One such exception, however, is Joshua Boger, the chairman and CEO of Vertex Pharmaceuticals Inc., of Cambridge, Mass. Boger was a scientific founder of Vertex and the former senior director of basic chemistry at Merck Sharp & Dohme Research Laboratories. He still heads Vertex 13 years after its inception.

But Barrett and Formela say that there is not an overabundance of experienced management in the field of biotech, and even really good science is not enough to attract some investors.

"There's a lot of good ideas," Barrett said. "But to wrap that around the capital and the right management team is a challenge."

"You have to be careful," Formela added, "that the supply of capital is matched to the supply of people who can actually put it to work."

Some of those people are already working in profitable companies, and some have plenty of work keeping their public companies afloat without worrying about starting new ones. The poor market, Formela said, has influenced the business models of companies that once were capital-intensive. Company officials are looking for ways to spend less money, he said.

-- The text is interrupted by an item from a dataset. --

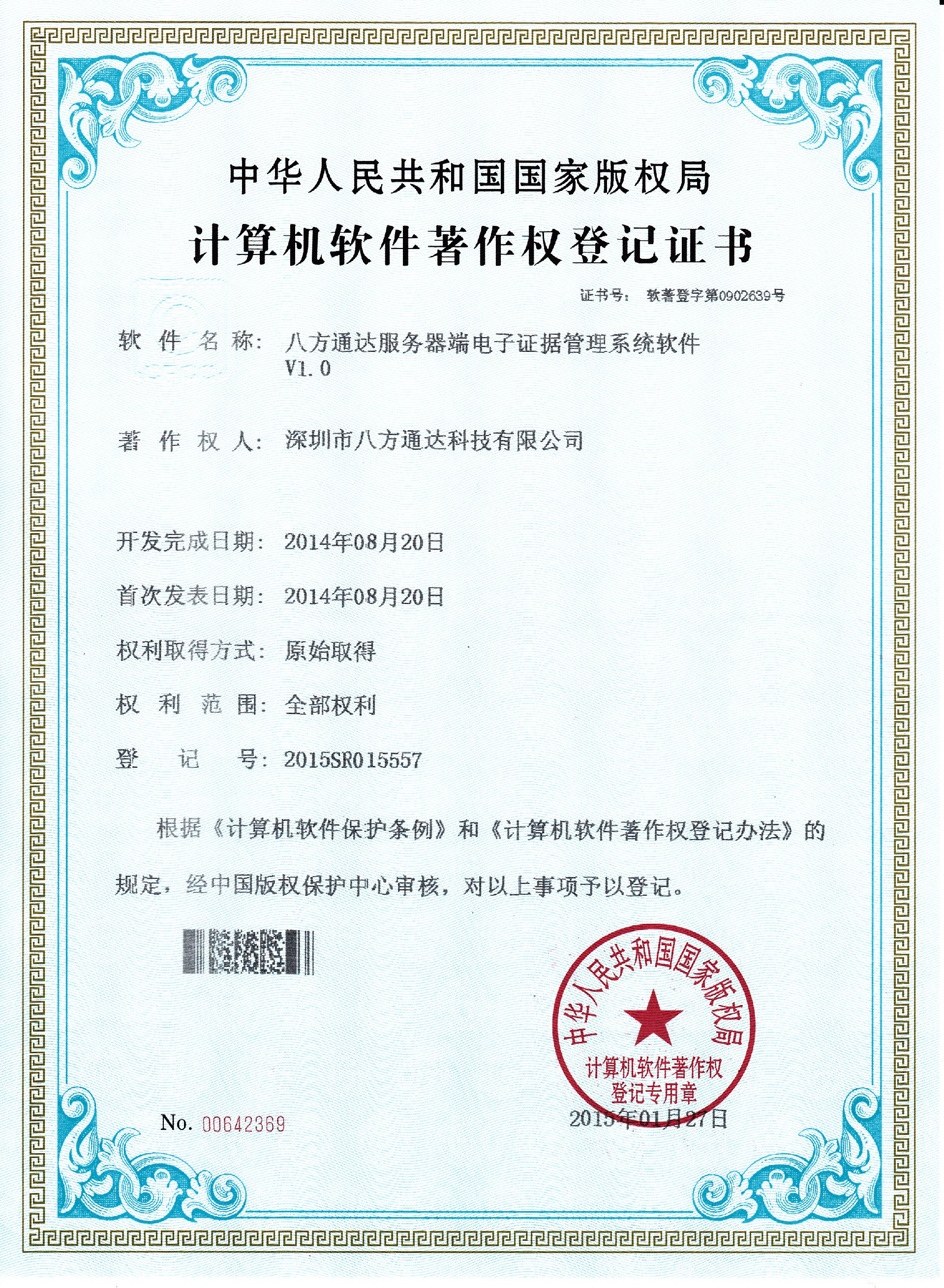 研發(fā)出首款電子單警執(zhí)法視音頻記錄系統(tǒng)管理平臺(tái)并申請(qǐng)了相關(guān)軟件著作權(quán)7項(xiàng)

Some, like Seattle-based Targeted Genetics Corp. and Rockville, Md.-based EntreMed Inc., are cutting jobs and delaying projects in order to focus on programs that hold the most value. As H. Stewart Parker, Targeted Genetics' president and CEO, said: "We can't guarantee that we can go back and raise money in the future and we don't see what triggering event, from an economic standpoint, is going to turn the stock market around. The key to success in biotechnology is survivability, so we felt it appropriate to prune the organization."

A younger company may have a totally different approach. Boston-based Infinity Pharmaceuticals Inc., for example, raised $70 million in June in Series B funding led by Advent Venture Partners, of London. The oversubscribed offering likely will sustain the company until an initial public offering.

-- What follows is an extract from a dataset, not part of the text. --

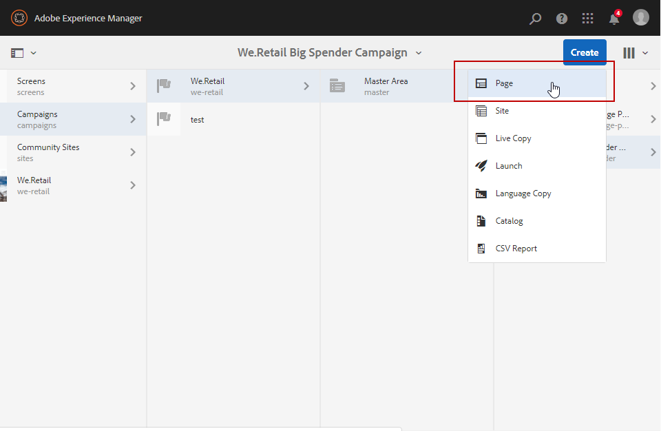을(를) 클릭합니다. Create 페이지의 오른쪽 위에 있는 버튼을 선택한 다음 Page.

Biotech companies that are unable to raise enough venture capital dollars often find themselves turning to pharmaceutical companies to help fund their ideas. The pharmaceutical companies, in turn, need the biotech companies to supply them with new, innovative products, as many of their blockbusters are losing exclusivity rights.

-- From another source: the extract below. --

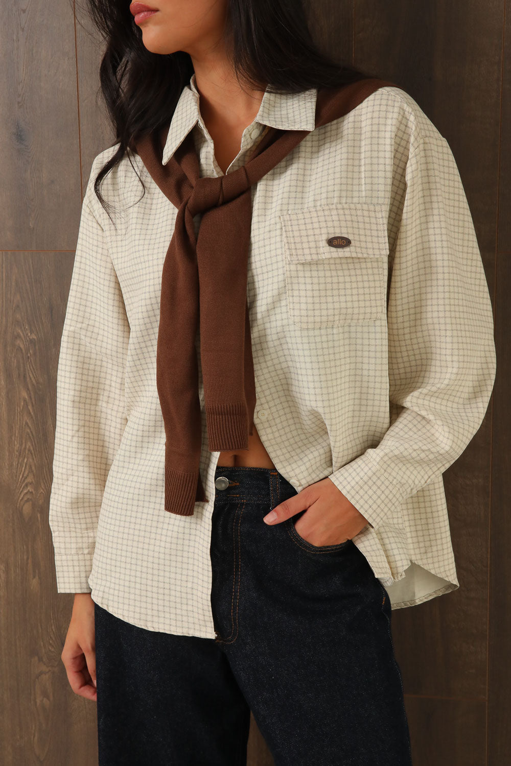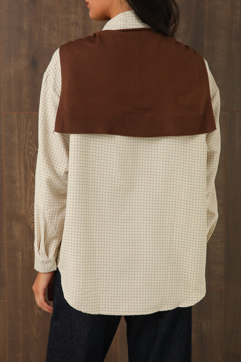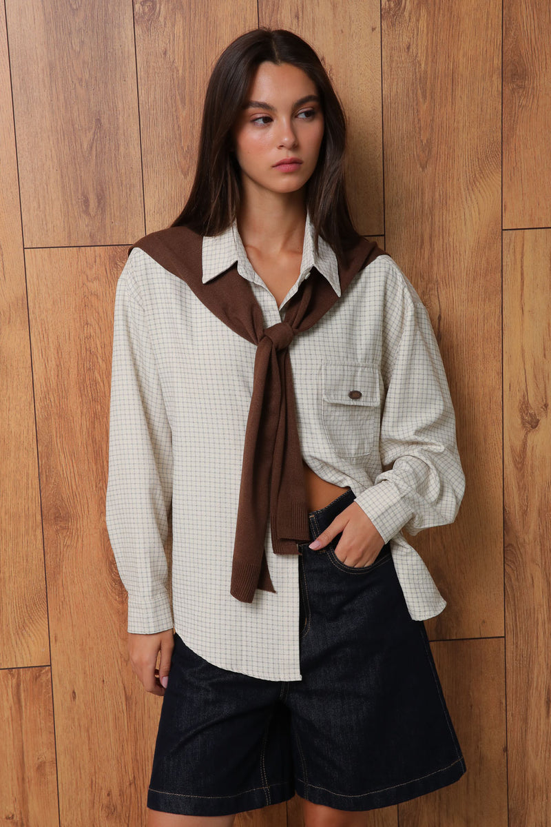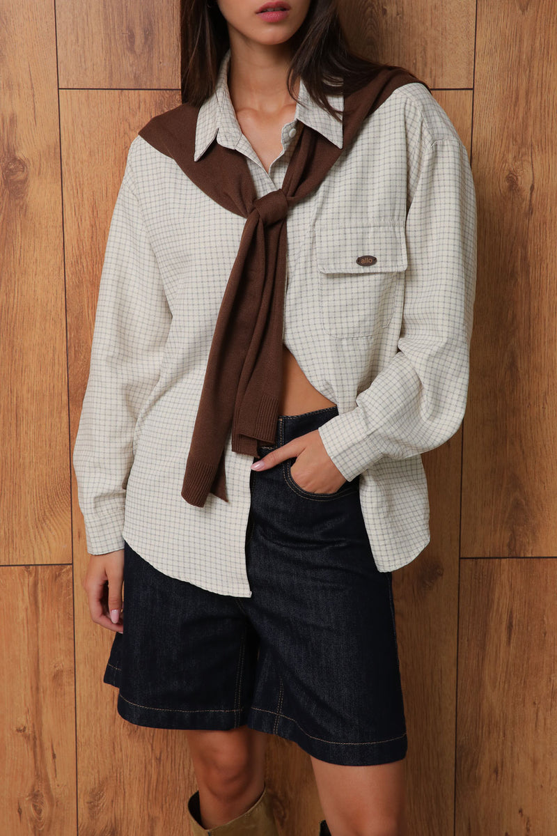 חולצת מכופתרת בגזרת אוברסייז עם שרוולון סריג קשור,

"When companies were able to raise a lot of money they were more focused internally on product platforms," Barrett said. "What you see now is [plans] to reduce the capital intensity. They're now looking for collaborations or partnerships where they can get others to offset some of their burn rate."

That interdependency between the two industries has always been there, Ono said, but now biotech companies have far more leverage because they have the products. Partnering with pharmaceutical companies, however, is not always easy. In order to maintain double-digit growth, the companies are merging with each other, so there are fewer of them out there with which to partner.

"Everybody's knocking on the same doors so it's very difficult," Ono said. "It's Darwinian. It's basically natural selection. And that's not a bad thing because it will weed out the frail and the ones who may not have a strong position."